A third kind of mixture, a colloidal system, has particles with sizes in the intermediate range. These systems transmit light, and sometimes appear transparent, but are often translucent if the suspended particles are larger.
Examples of Colloids
The word, ‘colloid’, comes from the Greek word for ‘glue’. Indeed glues and gums, when suspended in a solvent, are colloidal in nature.

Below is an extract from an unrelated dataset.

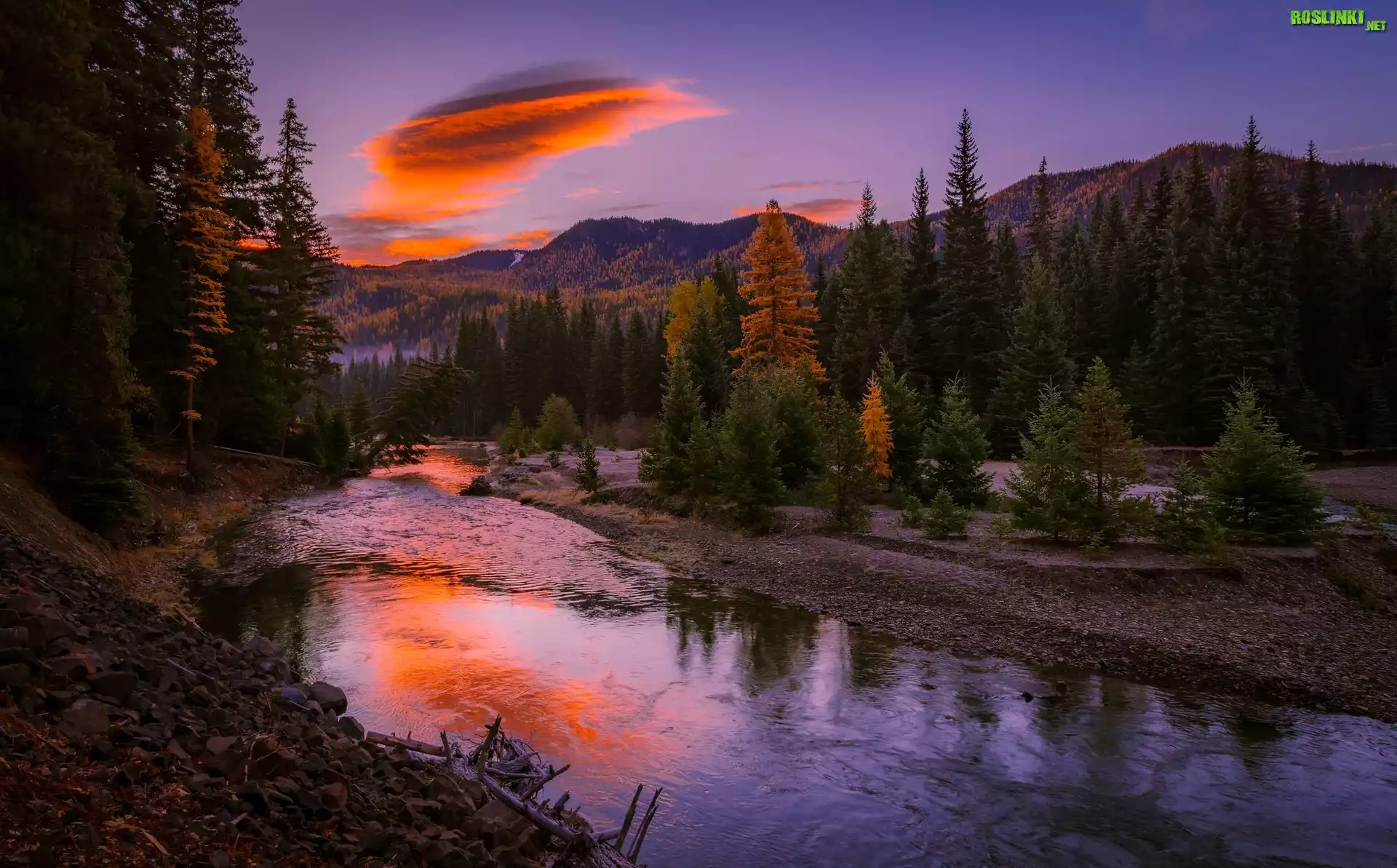 Rośliny: Rzeka, Góry, Drzewa, Las, Jesień

Paints and jellies consist of solid colloidal particles suspended in liquid. An emulsion, like milk, has liquid particles suspended in a liquid. When colloidal sized gas bubbles are dispersed through a liquid, a foam is produced, like whipped cream. Colloidal gas bubbles in a solid, on the other hand, produce a meringue or pumice. Pearls and coloured glasses contain solid particles in a solid medium. In fogs, mists and clouds, liquid particles are suspended in a gas, while smoke is an example of an aerosol, in which the colloid is a solid.
Brownian Movement
Sometimes, colloidal particles can be detected under a microscope, because of their ability to scatter light sideways. If smoke is observed through a microscope, while illuminated by a bright light, tiny pinpoints can be seen jumping about continuously. This ceaseless motion is known as Brownian movement, and is caused by the smoke particles being bombarded by tiny, invisible, but rapidly moving molecules of air.
Clouds are made of colloidal water droplets and ice crystals. If the temperature falls, water vapour from the surrounding air condenses onto these, increasing their masses until they can no longer remain suspended, and fall as rain.
Colloids and Electricity
Sometimes, colloid particles gather electric charges onto their surfaces. Repulsion between these charges keeps the particles separated. If the charges can be neutralised, the particles coagulate and drop out of suspension.

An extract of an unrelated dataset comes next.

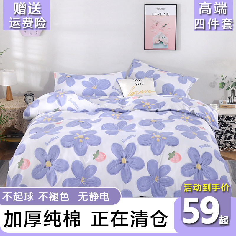 ins小清新纯棉四件套床品套件加厚100全棉床单被套宿舍三件套夏季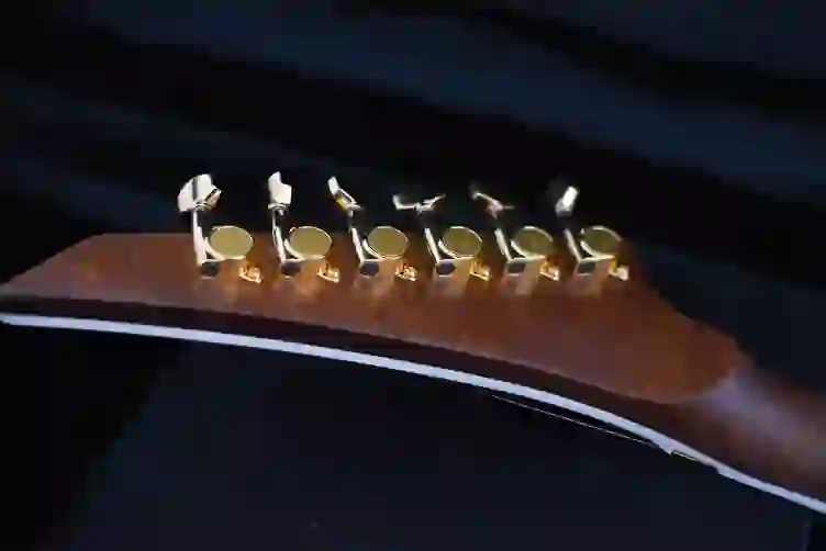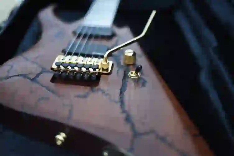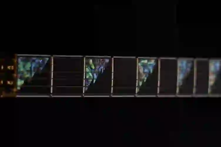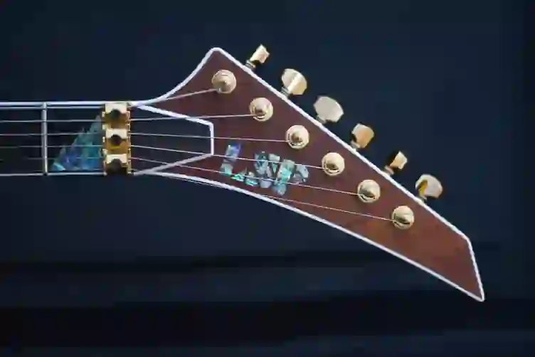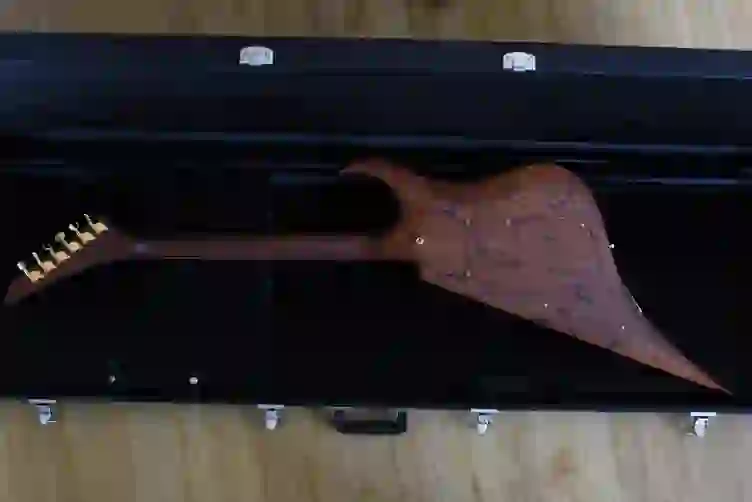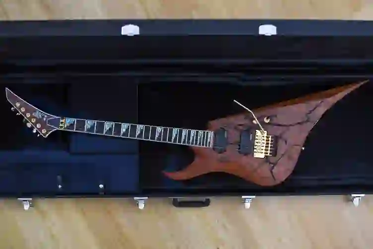 Korpus: Treppenstufen-Mahagoni mit Lichtenberg-Figuren Griffbrett: Mooreiche aus Frankreich mit Abalone-Inlays Tonabnehmer: EMG HZ Hardware: Original Floyd Rose + Gotoh Mechaniken

Colloidal clay in river water is precipitated by the charged ions in salt, as the river enters the sea, so that estuaries are usually surrounded by extensive mud flats. Similarly, a salt like aluminium sulphate is added to domestic water to precipitate colloidal materials and so clarify the water. Adding salt to a wound helps blood to clot.
Scattering of Light
Light scattering is an important property of colloidal systems. Light passes unhindered through a solution, and is blocked completely by a coarse suspension. If the particles in suspension are colloidal, then the path of a light beam can be seen when viewed from the side, a phenomenon known as the Tyndall effect. The appearance of sunbeams is an example of this, in which light is scattered by particles of mist or dust suspended in the atmosphere.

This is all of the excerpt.